━━ Source material ━━
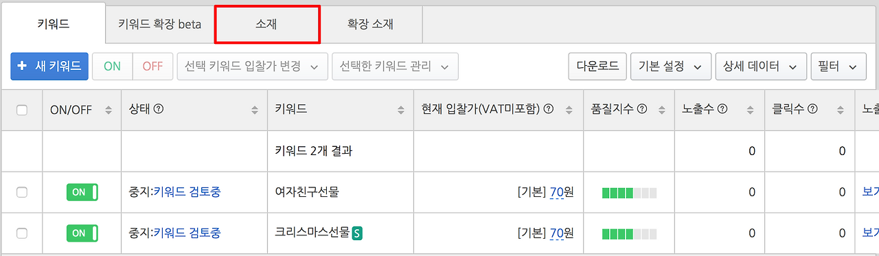 네이버 검색광고는 [캠페인]-[광고그룹]-[키워드]로 이루어져 있다. 광고를 하기 위해선 광고그룹에서 소재를 등록해야 한다.
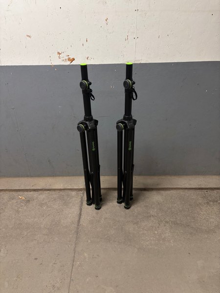 Två Gravity högtalarstativ.
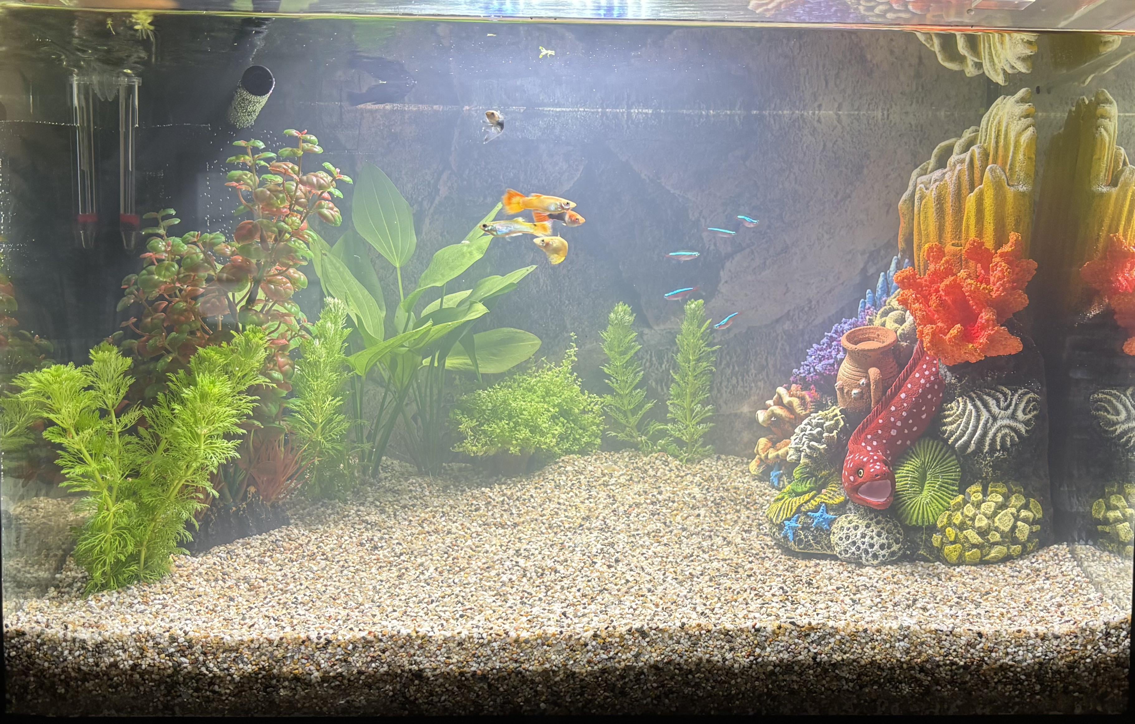 like it, no need for the fake stuff on the right. love the love plants, could add more neon tetras they love to swim around together 🙂
━━━
• Work instructions: For this exercise, write the listing out again exactly, excluding all images.

• Response to this task:
 네이버 검색광고는 [캠페인]-[광고그룹]-[키워드]로 이루어져 있다. 광고를 하기 위해선 광고그룹에서 소재를 등록해야 한다.
 Två Gravity högtalarstativ.
 like it, no need for the fake stuff on the right. love the love plants, could add more neon tetras they love to swim around together 🙂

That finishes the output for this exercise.